Gaulloses Wiehern und huffreies Galoppieren. Gibt es tatsächlich! Beweise habe ich mittlerweile.
So kommt es heute zur Pferdestory ohne Pferd.
Sie werden stattdessen Ersatzhengst und Stutendouble kennenlernen.

Wissen Sie, was ich unpraktisch finde?
Dass der Mensch manchmal zu perplex ist, um schlagfertig zu reagieren. Allerdings – vielleicht ist man auch nur zu abgeklärt, zu vorsichtig, ein Schisser … was auch immer, um sich auf einen (sinnlosen) verbalen Schlagabtausch einzulassen. Einen, der dann womöglich nicht einmal verbal bleibt sondern ausartet und womöglich handgreiflich wird!

Pferdestory ohne Pferd ... Ausspanntee!Ich setzte mich vorgestern unterwegs an einen Tisch, um meinen Ausspanntee (im Sinne von „Getränk um sich zu erholen“, kein sonderbarer Wundertrank um „jemandem jemanden auszuspannen“) zu genießen und bemerkte leider zu spät, dass zwei Tische weiter ein lautes, anstrengendes Frauentrio hockte.
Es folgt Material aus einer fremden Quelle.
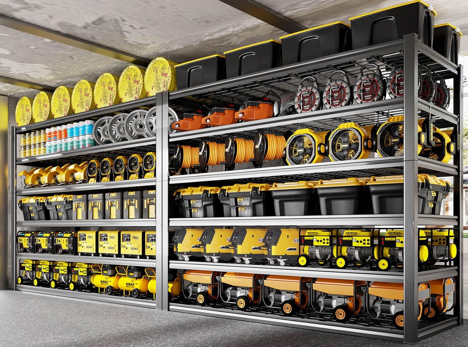 - 【6 Tier 50 "W x 84"H x 24"D Wide Storage Shelves heavy duty】Large heavy duty garage shelving is suitable for garage, warehouse, basement,Library, commerical, industrial etc. The 6 tier metal shelves for storage shelves expands your storage space, makes your home clean .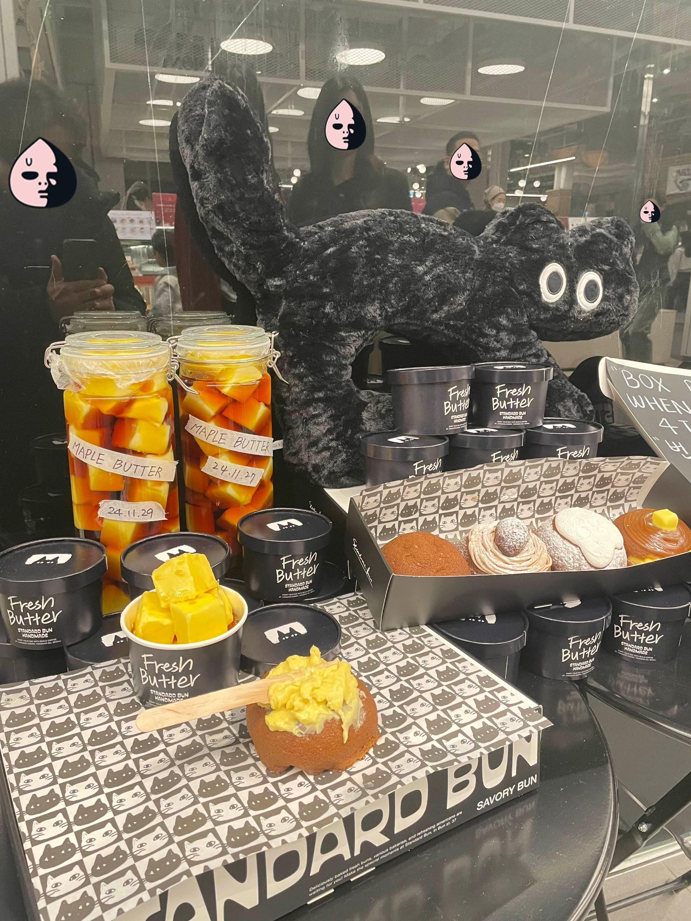 Standard Bun의 상징은 귀여운 검은 고양이입니다. 이번 팝업 스토어에서도 그 매력적인 아이콘과 함께 힙한 인테리어를 만날 수 있어요. 전체적으로 검은색과 흰색을 활용한 감각적인 디자인이 돋보이며, 어디서 찍어도 예쁜 인증샷 명소가 될 거예요.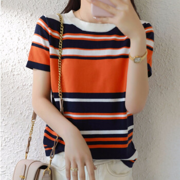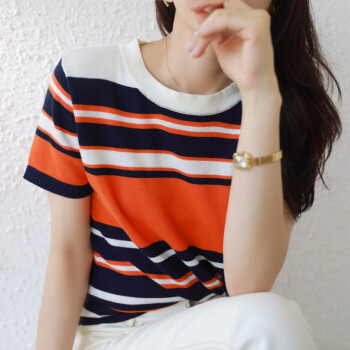 凝拉短袖T恤女纯棉夏季新款女装上衣韩版时尚气质宽松大码显瘦圆领拼色条纹针织打底小衫 条纹 2XL(建议130-145斤) |

Ich sage Frauen, weil der Begriff Damen irreführend wäre.
Als ich eintraf, waren alle mit dem Handy beschäftigt und zufällig leise, doch kaum hatte ich bestellt, ging ein wahnsinniges Palaver los. Mein Rasenmäher ist leiser. Und klingt zudem intelligenter.
Ein Wesen hatte ein besonders durchdringendes, dominantes Organ, dabei gleichzeitig eine dermaßen nöhlige, unzufriedene Stimme, dass es einer Vergewaltigung der Ohren gleichkam und sich meine Nackenhaare unverzüglich aufrichteten.
Die Bestellung konnte ich nicht mehr rückgängig machen, doch ein Blick Richtung besagtem Tisch und das Entdecken fast leerer Tassen und Gläser, ließ mich hoffen, dass der Lärmtrupp bald – und zwar vor mir! – ging.
Mein stiller Wunsch erfüllte sich; einige Minuten darauf rüstete man sich zum Aufbruch. Beim Aufstehen wurde erneut das Handy gezuckt. Ein Smartphone hat für viele Erwachsene häufig eine ganz ähnliche Wirkung wie die Gabe eines Schnullers bei manchem Baby. Es kehrte himmlische Ruhe ein.
Machen Sie dann nicht den Fehler, den ich gemacht habe!
Ich habe definitiv zu früh entspannt, innerlich abgeschaltet, geträumt.
Sie mussten an meinem Tisch vorbei, um zum Ausgang zu gelangen. Irgendetwas auf dem Display der Dezibel liebenden großen Brünetten muss der Auslöser für einen – wie ich vermute – Heiterkeitsanfall gewesen sein. Oder für Entrüstung. Es war nicht eindeutig zu identifizieren.  Als sie an mir vorbeikam, explodierte sie.
Es ruderten ihre Gliedmaßen. Ihre Hand erschien plötzlich neben meinem Gesicht. Ihr Knie rumste an die Tischkante.
Aber vor allem war da der Lärm!
Ein Krach sondergleichen! Der Lautstärkeregler stand bis zum Anschlag! Ich spreche von ihrem, nicht von dem des Handys.
Kennen Sie diese Filme, in denen nächtens irgendwo auf einer Ranch ein böser, rachsüchtiger Pyromane Feuer im Stall legt und die Pferde unruhig werden? Wenn sie scharren, sich gegen die Wände ihrer Boxen schmeißen, sich aufbäumen und laut und schrill „Geräusche“ von sich geben?
Vielleicht hatte sie auf ihrem Handy Feueralarm vorgefunden. Ich hatte jedenfalls aus heiterem Himmel ein wildes, unkontrolliert wieherndes und schnaubendes Pferd am Tisch und mich darüber dermaßen erschrocken, dass mir der Teelöffel aus der Hand fiel.
Das eben noch wiehernde Wesen stutzte kurz, schaute mich leicht genervt an und äußerte sich folgendermaßen:
„Mein Gott, nun seien Sie doch nicht so schreckhaft!“
Ja, gell? Sie sind auch geringfügig überrascht? Hatten Sie angenommen, es wäre ihr vielleicht unangenehm?
Nicht doch! Die Umwelt ist das Weichei!
Ja, ich war perplex. Und nein, ich würde auch jetzt noch nichts erwidern. Es ist mir einfach zu blöd. Doch echte Pferde sind mir schon wesentlich lieber als dieses Stutendouble.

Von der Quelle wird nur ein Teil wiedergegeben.